### WHAT YOU ARE ASKED TO DO:
Transcribe the data exactly, pictures excluded.

### DATA BELOW:
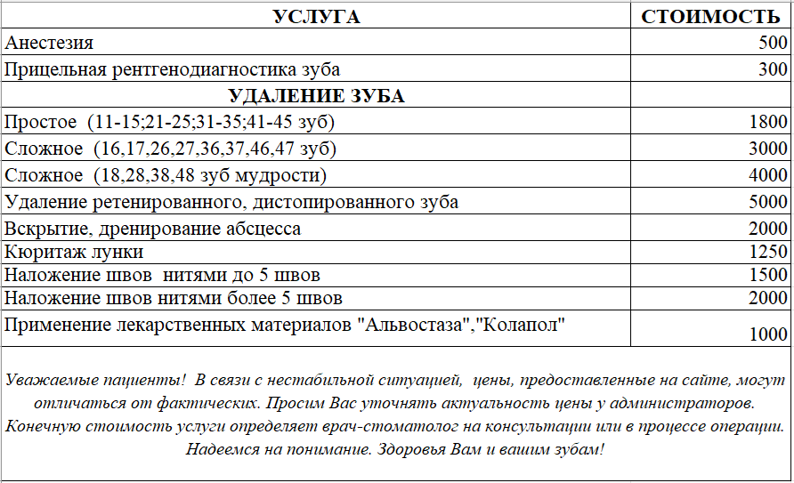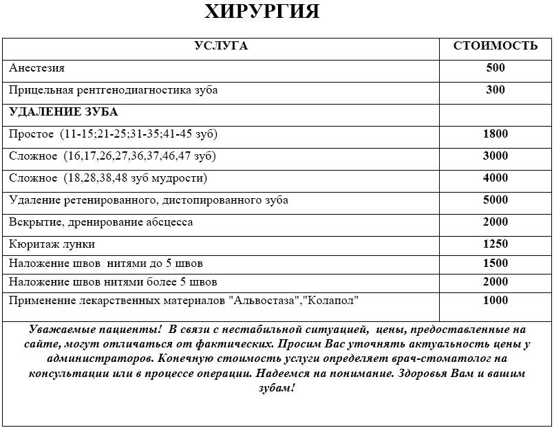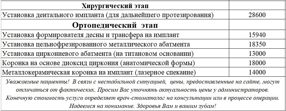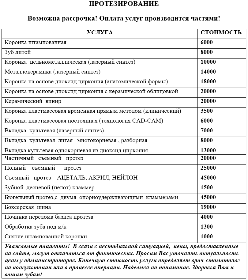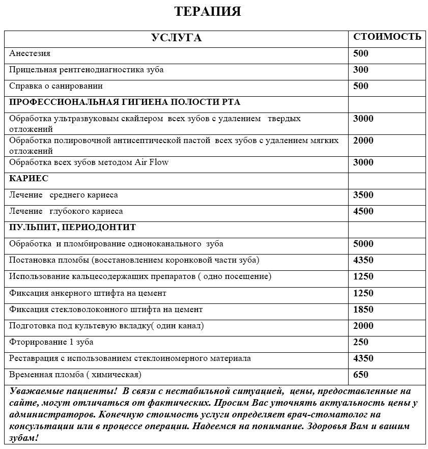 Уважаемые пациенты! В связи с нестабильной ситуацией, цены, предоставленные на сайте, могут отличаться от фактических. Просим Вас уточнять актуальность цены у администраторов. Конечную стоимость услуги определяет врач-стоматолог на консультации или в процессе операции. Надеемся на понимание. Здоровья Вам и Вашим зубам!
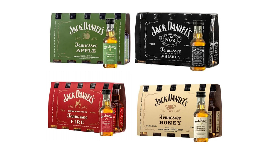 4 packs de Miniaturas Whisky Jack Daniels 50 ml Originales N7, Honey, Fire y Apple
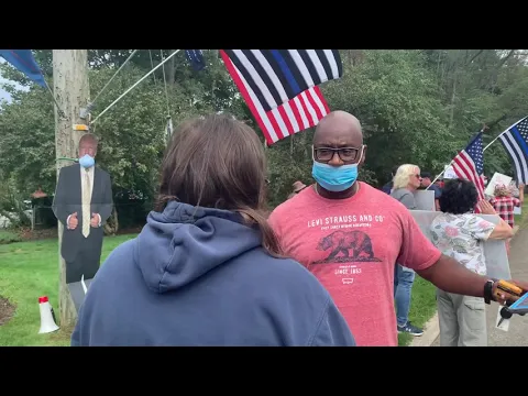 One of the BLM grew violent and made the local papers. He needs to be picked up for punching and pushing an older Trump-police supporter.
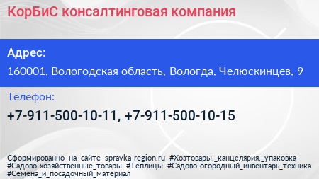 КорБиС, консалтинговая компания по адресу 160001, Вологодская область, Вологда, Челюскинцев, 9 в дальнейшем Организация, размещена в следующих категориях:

### RESULT FOR THIS EXERCISE:
 Уважаемые пациенты! В связи с нестабильной ситуацией, цены, предоставленные на сайте, могут отличаться от фактических. Просим Вас уточнять актуальность цены у администраторов. Конечную стоимость услуги определяет врач-стоматолог на консультации или в процессе операции. Надеемся на понимание. Здоровья Вам и Вашим зубам!
 4 packs de Miniaturas Whisky Jack Daniels 50 ml Originales N7, Honey, Fire y Apple
 One of the BLM grew violent and made the local papers. He needs to be picked up for punching and pushing an older Trump-police supporter.
 КорБиС, консалтинговая компания по адресу 160001, Вологодская область, Вологда, Челюскинцев, 9 в дальнейшем Организация, размещена в следующих категориях:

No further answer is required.